Dad’s parents settled in Boston. Mom’s were in Central New York. I never met Dad’s father, a cantor whose poor health prevented him from succeeding in business.

My mother’s father died just before my third birthday. I remember Zaydie. My sister and I used to crawl around on his lap as he lay on his recliner, his legs covered with a blanket. He called us “knaidlach,” the Yiddish word for dumplings. He was 25 when he married my then 14-year-old grandmother, the second-oldest girl in her family.

My grandparents

Bubby & Zaydie, my farming grandparents

My parents were the first in their families to graduate college. Mom’s parents were farmers who hadn’t gone past third grade.

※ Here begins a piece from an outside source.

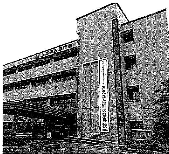
懸垂幕の掲出状況(志摩庁舎)

She became a teacher. Dad, from a long line of Orthodox rabbis and cantors, went rogue and became a Reform rabbi.

By the time my sister and I showed up, things were pretty much etched in stone.

We were the youngest of Bubby and Zaydie’s 15 grandchildren. The nearby next-ups were four years older than we were. The oldest, Larry, was born 20 years before me.

We spent lots at “the farm” where Mom had grown up. Mom’s older brother and his family lived there, but my uncle had stopped farming and become a photographer. Duke and Penny, the dogs, were the only animals. Calling it a farm made no sense to me, but I was a kid, and no one much cared what I thought.

Half a century later, with more information, I’m lurching toward answers.

The good news is that I have a few. The bad news is that they’ve raised a lot more questions.

My family’s practicality is a fact. My immigrant grandparents worked hard and stressed the value of education. They passed those values on to my parents, and my sister and I have passed them on to our children.

But they passed on a few other less socially acceptable things, too.

Some of those can be traced to money, or, more accurately, its pursuit, and the fallout of its absence. Some of it can be traced to mental illness, which definitely ran in my father’s family.

I’d like to think that that ran in my mother’s family too. Which might seem strange. But it’s so much nicer to imagine that your great-grandfather killed his children, beat his wife and got his oldest daughter pregnant because he was mentally ill and not just evil.

Unless, that is, you’re still figuring out whether to be practical about it all.